Чадо с хлюпаньем утерло нос и полезло рукой под подушку. За носовым платком.
– Ну? – сказал я.
– Это… это стыдно, – прошептало чадо. – И противно. А Олаф мертвый.
– Полиция, как и медицина, – наставительно произнес я, ощущая огромную неловкость, – не признает таких понятий, как «стыдно».

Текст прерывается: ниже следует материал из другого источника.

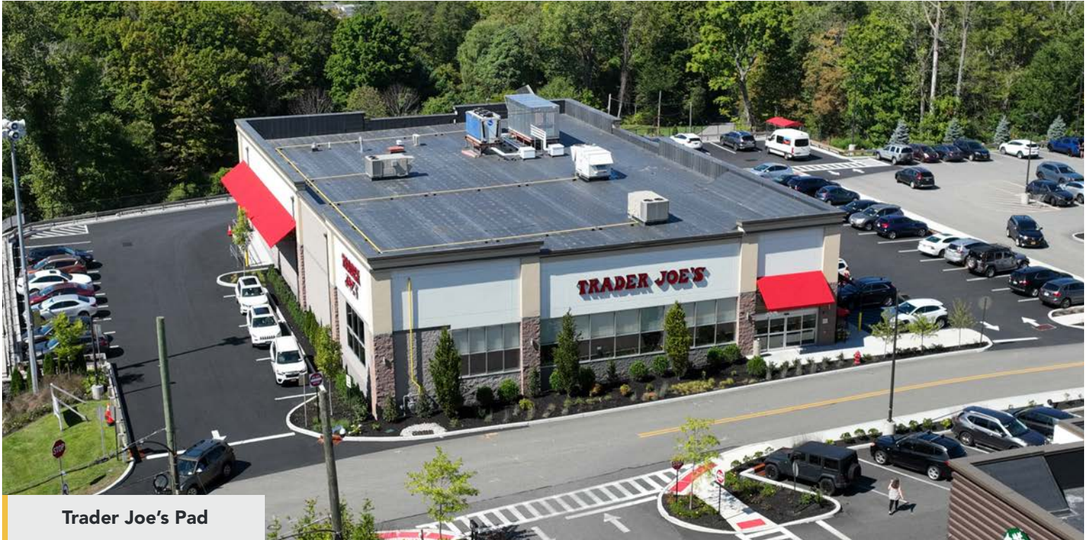
Trader Joe's Pad
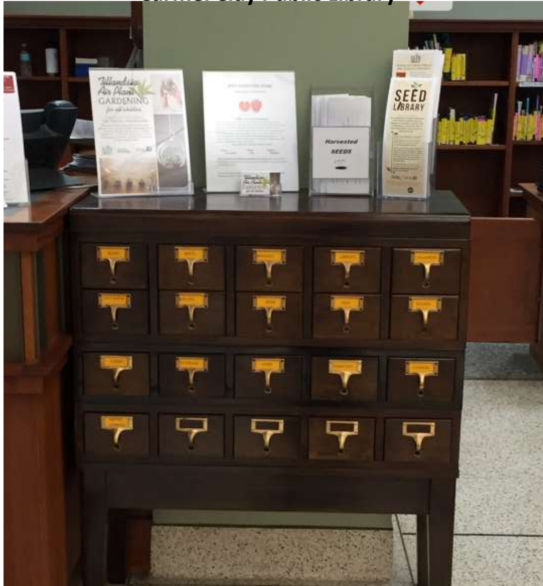
Carmel Clay Public Library

– Ну ладно, – сказало вдруг чадо, гордо вздернув голову. – Хрен с вами. Дело было так. Сначала шутки: жених или невеста, мальчик или девочка… ну, вроде как вы со мной обращались… Он тоже, наверное, принял меня неизвестно за что… А потом, когда мы вышли, он принялся меня лапать. Мне стало противно, и пришлось дать ему по морде… по лицу…
– Ну? – сказал я, не глядя на него.
– Ну, он обиделся, обругал меня и ушел. Может быть, я, конечно, зря, может, и не надо было давать волю рукам, но он тоже был хорош…
– Куда он ушел?
– Да откуда мне знать? Стану я смотреть, куда да зачем… Ушел по коридору… – Чадо махнуло рукой. – Не знаю куда.
– А вы?
– А я… А что – я? Все настроение пропало, противно, скукотища… Одно и оставалось – пойти к себе, запереться и напиться до чертиков…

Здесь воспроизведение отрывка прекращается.